Mortgage Choice CEO reaction to proposed banking reforms

The CEO of Australia’s largest independently-owned mortgage broker yesterday responded to the proposed Competitive and Sustainable Banking System reform package by sending a lengthy response to, and offering to meet with, Treasurer Wayne Swan.
Mortgage Choice CEO reaction to proposed banking reforms

December 16, 2010

The CEO of Australia's largest independently-owned mortgage broker yesterday responded to the proposed Competitive and Sustainable Banking System reform package by sending a lengthy response to, and offering to meet with, Treasurer Wayne Swan.

With a loan book of over $40 billion and a lender panel of 25 large, medium and small banks, non-banks, building societies and a credit union, Mortgage Choice is well placed to comment on the initiatives.

CEO Michael Russell said, "Although Mortgage Choice is a mortgage broker and not a mortgage originator, we feel strongly about the needs of the non-bank lenders and second tier banks. Anything that dilutes their ability to compete with the major banks will impact home loan choices and service available to our customers."

"While we welcome an inquiry into mortgage market competition, it is apparent some proposals have not been thought through. We are deeply concerned that the unintended consequences of some of these proposed reforms look very much like disadvantaging the very people they are designed to assist - Australian mortgage holders."

Excerpts from Mr Russell's letter follow.

Exit fees

1.   A short term unintended consequence is that existing mortgage holders will now defer refinancing ('switching') until 1 July 2011 to ensure they can refinance into a product with no exit fee. With interest rates likely to rise in the first half of 2011, such a delay may prove costly to mortgage holders.  
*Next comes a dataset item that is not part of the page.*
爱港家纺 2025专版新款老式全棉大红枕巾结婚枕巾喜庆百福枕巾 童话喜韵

2.   Non-bank lenders, so vital to the health of a competitive lender market, are forced to raise funds at a higher cost to their banking counterparts, and as such must impose an exit fee to recover their reasonable costs should a loan be discharged early. 

3.   ASIC recognises this and made it very clear last month in RG220 what it regards as a reasonable exit fee and what it regards as unconscionable. Why is there now a reform package at odds with this recommendation?
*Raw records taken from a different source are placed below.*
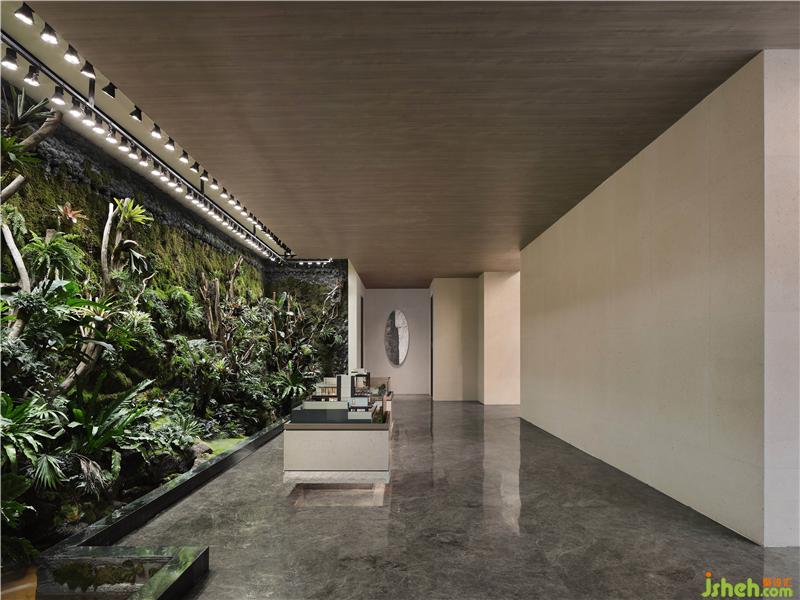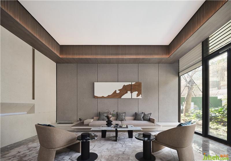 吊頂木質(zhì)元素的引用古樸、自然、溫和,上海售樓處設(shè)計(jì)大面積的落地窗隱藏內(nèi)外界限,石材質(zhì)走道與坐賓區(qū)沙發(fā)椅錯(cuò)落擺放,厚重而誠(chéng)摯,使到訪者賓至如歸。
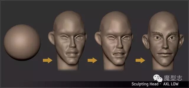 我选择单独去做一个人头,这并没有和身体连在一起,因为我想这个脸更加的风格化,单独的一个头的模型感觉制作起来会更自由,不用经常的切换隐藏身体的部分,以为他就是单独的一个模型,这个头我通过一个球来托啊托,拉啊拉,直到我满意。
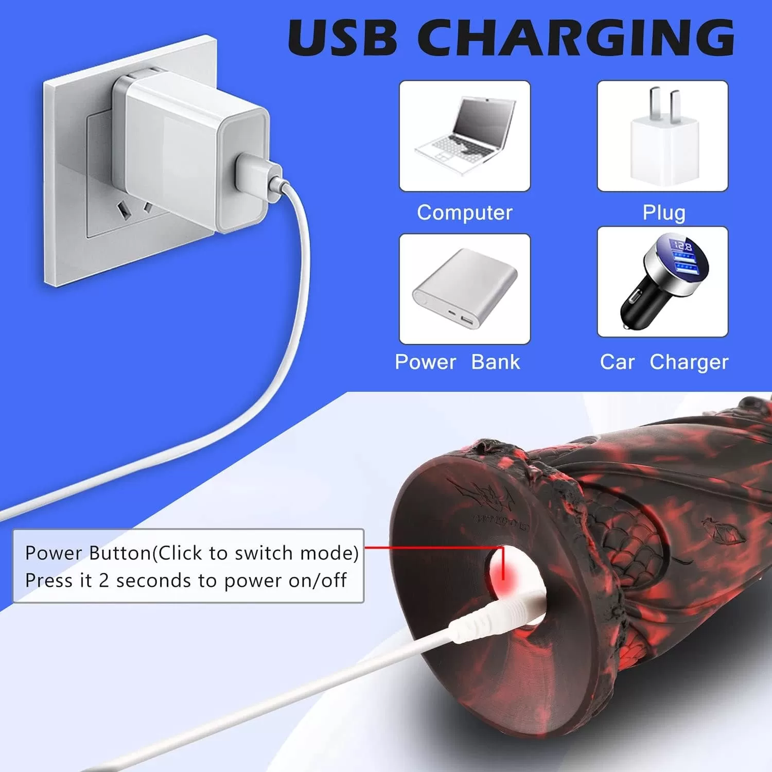 3 WAYS EASY TO CONTROL - You can change vibrations of this dragon dildo for woman by click the manual switch of the button, remote controller and Wildolo APP of smart phone
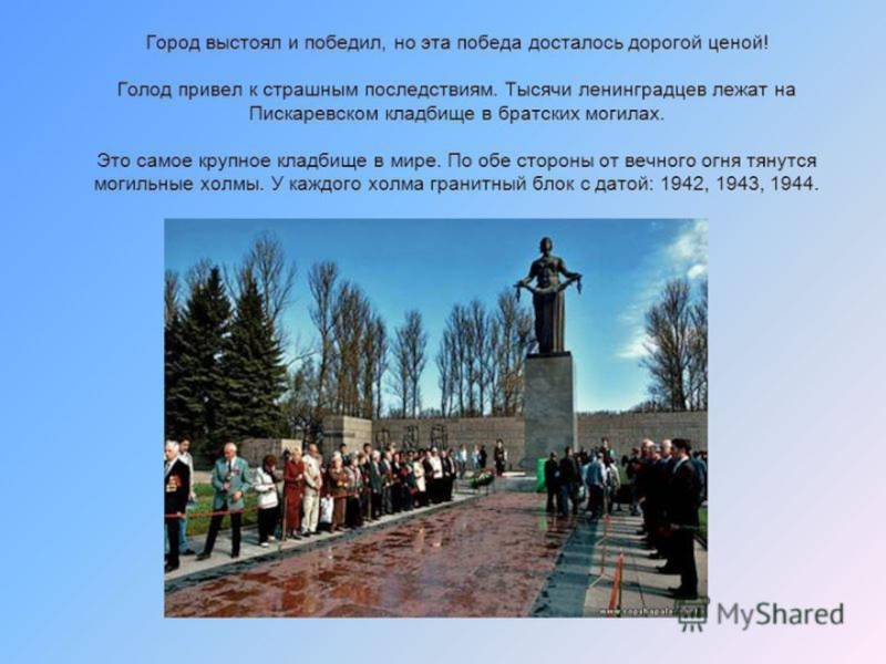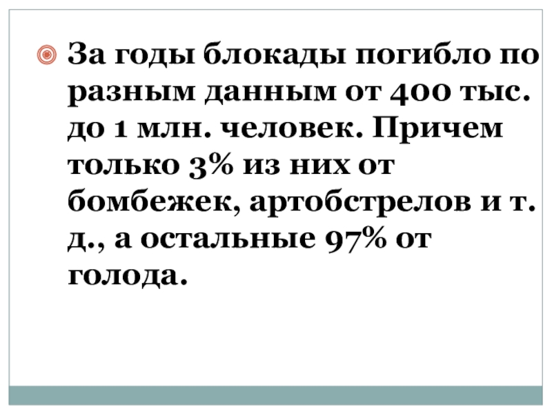 Слайд 40За годы блокады погибло по разным данным от 400 тыс. до
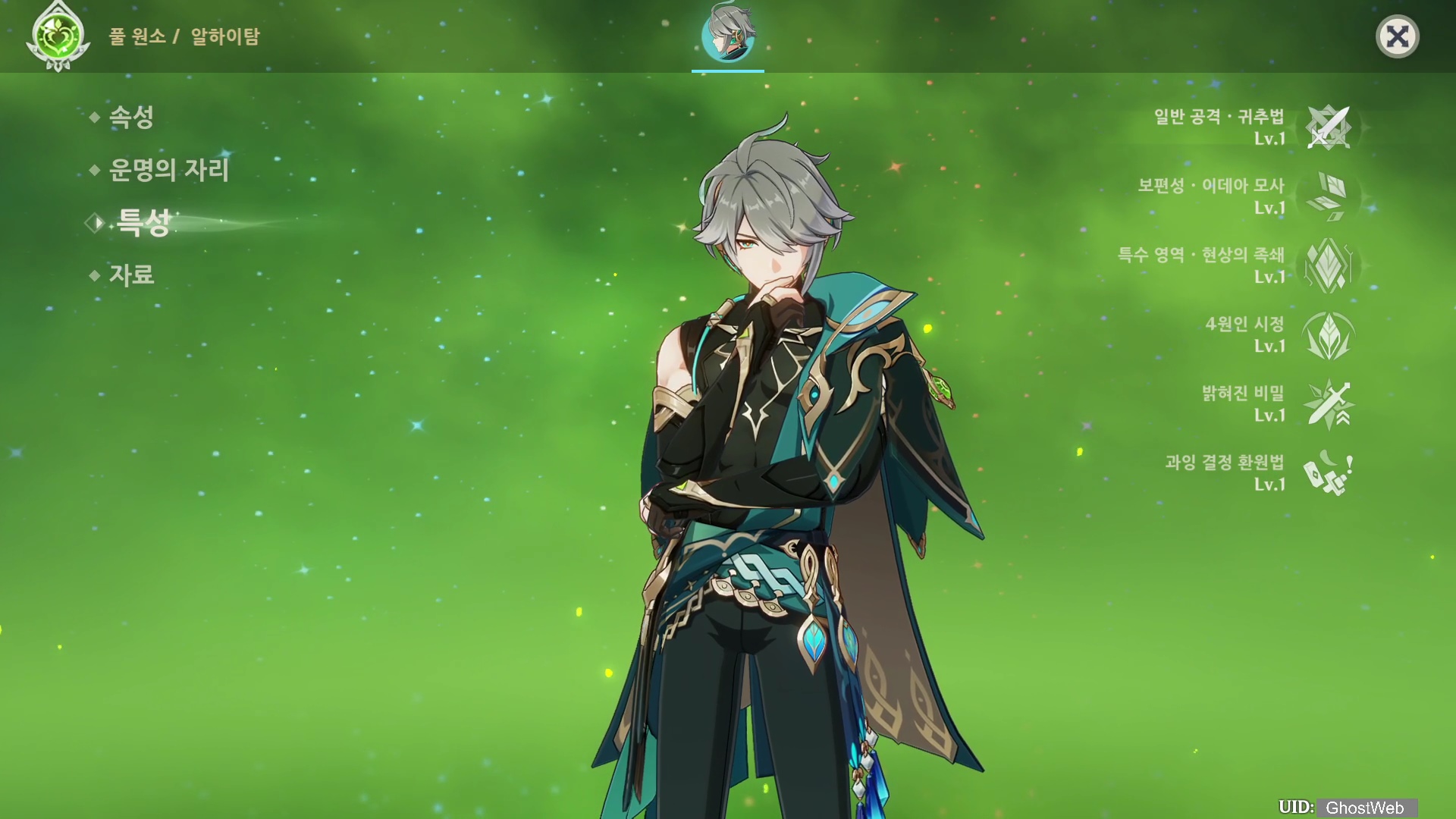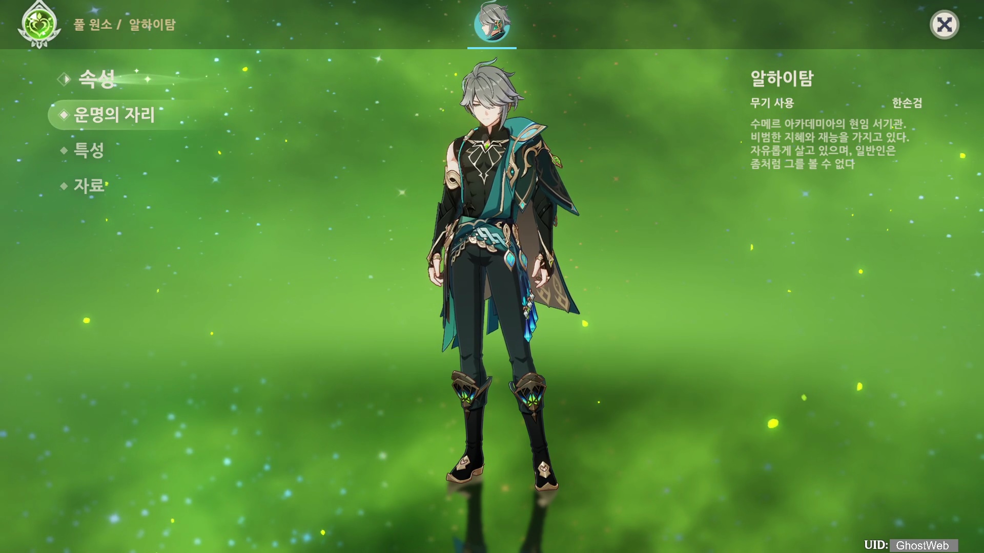 알하이탐은 풀 원소 한손검 캐릭터로 별명이 풀 원소 각청라고 불리며, 딜러 포지션에 위치한 캐릭터에요.

4.   This anticipated decline in competition will hit mortgage holders hard where it counts most - interest rates and fees and, most importantly, future product innovation and customer service.

5.   It is widely accepted that should the banks be forced to forego charging exit fees, they would simply look to recoup these fees elsewhere from their customers or wait until the non-banks suffocated.
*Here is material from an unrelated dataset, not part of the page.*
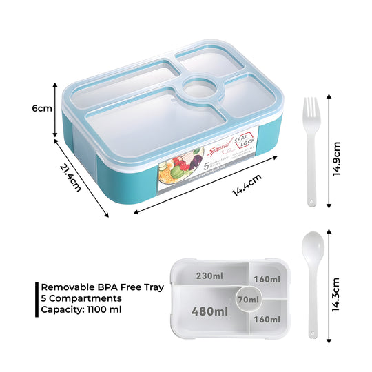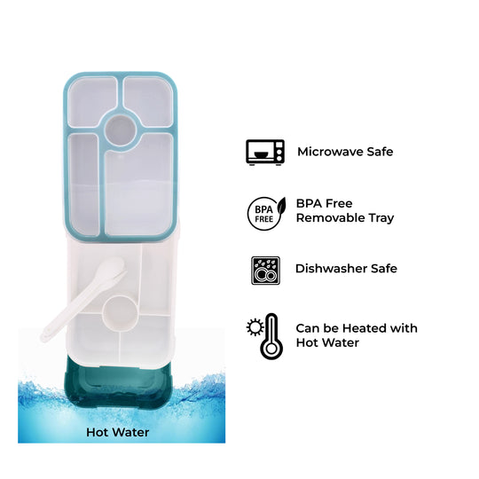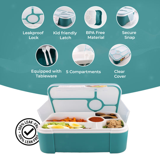 Cravista Bento Lunch Box -Leakproof, BPA-Free, Airtight Tiffin with Spoon & Fork- 5 Compartments (Green)
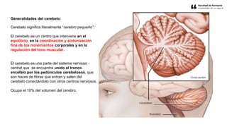 El cerebelo es una parte del sistema nervioso central que interviene en el equilibrio, la coordinación de movimientos y la regulación del tono muscular. Está situado en la fosa cerebral posterior y se divide en dos hemisferios y una porción central llamada vermis. El cerebelo contiene tres lóbulos y está organizado en una corteza externa con tres capas y núcleos profundos que reciben aferencias y envían eferencias a otras áreas.

6.   Previous governments (Fraser and Hawke) who sought to smash the cartelisation of the banks by deregulating the financial services industry would certainly view this reform as further unwinding what they worked hard to establish.

7.   Mortgage Choice opposes the intervention of government regulation of the financial services industry and supports continued deregulation that allows market forces to drive competition.

RMBS market

1.   With the mortgage industry presently writing c.$250 billion annually, an additional $4 billion is excellent news, however, it is a drop in the ocean that will be quickly utilised. While smaller lenders will naturally be appreciative, the big question left unanswered in the reforms is "what then?"

2.   The lack of reliable funding remains the core roadblock to unlocking the return to exciting and sustainable competition.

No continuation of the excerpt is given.